Once the pipeline successfully finishes, go to the pipeline and examine the resulting metrics artifacts for the results. Otherwise, refer to the failing step(s) in the pipeline to determine the cause of any errors.

## View model evaluation results

To check the results of evaluation after pipeline execution, find the "model-evaluation-classification" subdirectory in the Cloud Storage bucket created by this pipeline.
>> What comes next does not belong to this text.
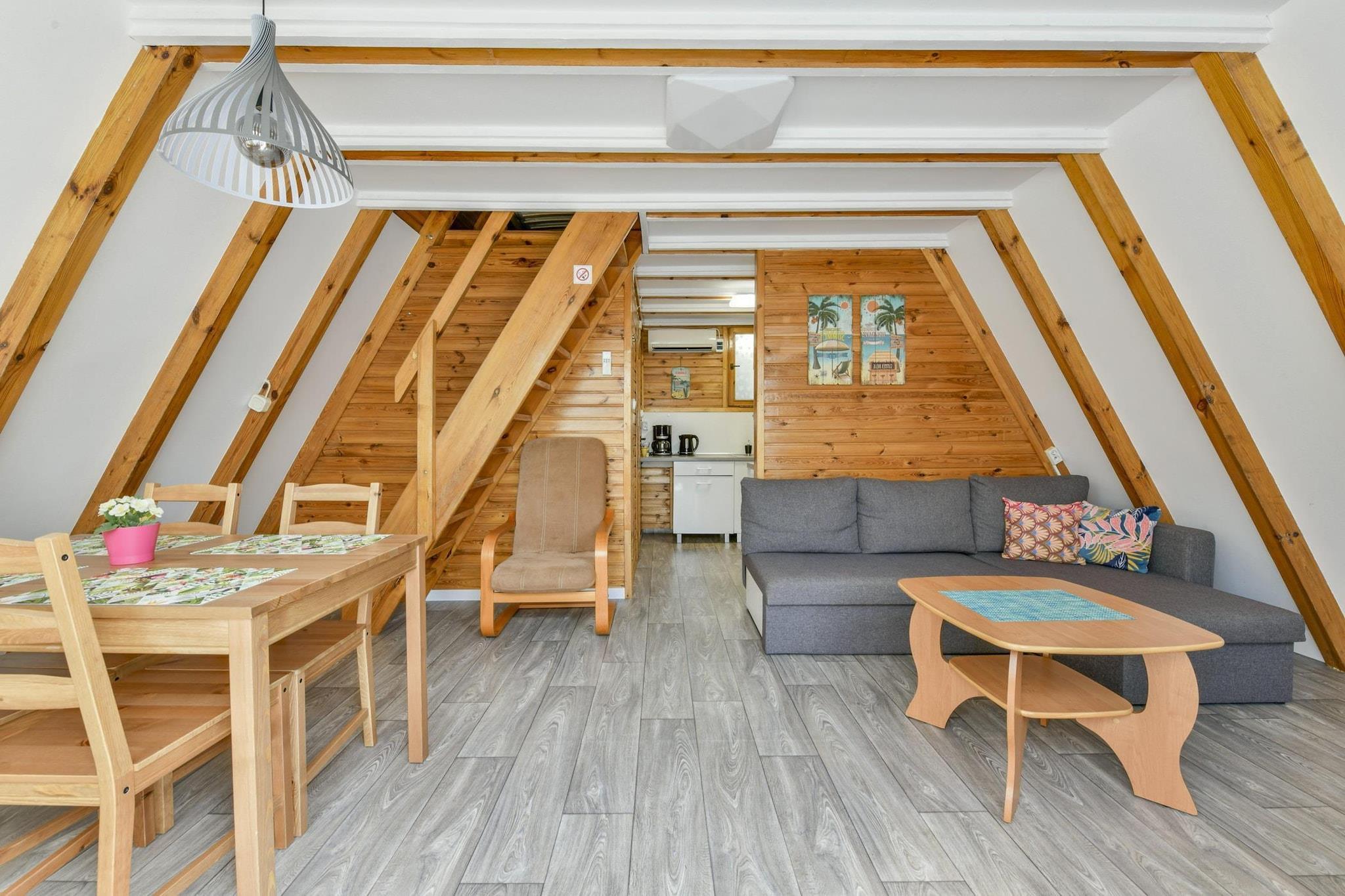 Zwei gepflegte zweistöckige Holzhäuser in einem gemütlichen Ferienort (eingezäuntes Gelände) am Stadtrand von Kolberg. Hier können die Gäste mit Ruhe und Frieden rechnen, doch die Sehenswürdigkeiten von Kolobrzeg liegen zum Greifen nah. Im gepflegten Garten stehen den Gästen Gartenmöbel, ein Grill und Hängematten zur Verfügung. Jedes Haus ist zweistöckig und verfügt über eine überdachte Terrasse. Im Erdgeschoss gibt es ein Wohnzimmer mit TV (polnische und deutsche Programme), eine gut ausgestattete Küche und ein Badezimmer mit Dusche. Im Obergeschoss befinden sich 2 separate Schlafzimmer. Es gibt eine Klimaanlage (Heizung und Kühlung). WLAN ist verfügbar. Im Preis des Aufenthalts sind enthalten: Bettwäsche, Handtücher, Wasserverbrauch, Internet, Parkplatz, Babybett (Reservierung erforderlich), Klimaanlage. Kolberg ist nicht nur ein beliebter Badeort, sondern auch ein Kurort mit natürlichen Solequellen und heilenden Torfmooren. Der sechs Kilometer lange Sandstrand begeistert jedes Jahr die Gäste und zahlreiche Restaurants und Cafés im Zentrum, in der Altstadt und an der Promenade laden stets zu Spaß und Entspannung ein. Zu den Reichtümern von Kolobrzeg gehören vor allem zahlreiche Denkmäler, ein breiter, renovierter Strand, Schlamm (Vorkommen von Heiltorf), Sole und natürliches Mineralwasser. Die größte Attraktion des Kurortes Kolobrzeg ist zweifellos der breite Sandstrand am Meer. Darüber hinaus gibt es viele Spazierwege im Seepark, entlang der Strandpromenade, am historischen Pier und in der Altstadt. Es lohnt sich, den örtlichen Leuchtturm, das Ozeanarium, den Seehafen und die Kathedrale zu besuchen. Attraktionen in der Umgebung: Für Familien mit Kindern empfehlen wir den Besuch des Vergnügungsparks Pomerania Fun Park. Es handelt sich um einen ganzjährig geöffneten Park im Dorf Dygowo (ca. 15 km von Kolobrzeg entfernt). Es bietet zahlreiche Karussells und Trampoline. Es gibt ein Wikingerdorf, einen Mini-Zoo und viele andere Attraktionen.

You may also run the following to directly output the contents of the metrics file:

In [None]:
import tensorflow as tf

EVAL_TASK_NAME = "model-evaluation-classification"
PROJECT_NUMBER = job.gca_resource.name.split("/")[1]
for _ in range(len(job.gca_resource.job_detail.task_details)):
    TASK_ID = job.gca_resource.job_detail.task_details[_].task_id
    EVAL_METRICS = (
        BUCKET_URI
        + "/"
        + PROJECT_NUMBER
        + "/"
        + job.name
        + "/"
        + EVAL_TASK_NAME
        + "_"
        + str(TASK_ID)
        + "/executor_output.json"
    )
    if tf.io.gfile.exists(EVAL_METRICS):
        ! gsutil cat $EVAL_METRICS

## Cleaning up

To clean up the resources used by this pipeline, run the command below:

In [None]:
# Delete GCS bucket.
!gsutil -m rm -r {BUCKET_URI}

# Next steps

For an alternate approach, please check out the ["ready-to-go" text classification pipeline](https://colab.research.google.com/github/GoogleCloudPlatform/vertex-ai-samples/blob/master/notebooks/community/pipelines/google_cloud_pipeline_components_ready_to_go_text_classification_pipeline.ipynb). This pipeline exposes the model logic for further customization if needed, and adds an additional pipeline step to deploy the model to enable online predictions.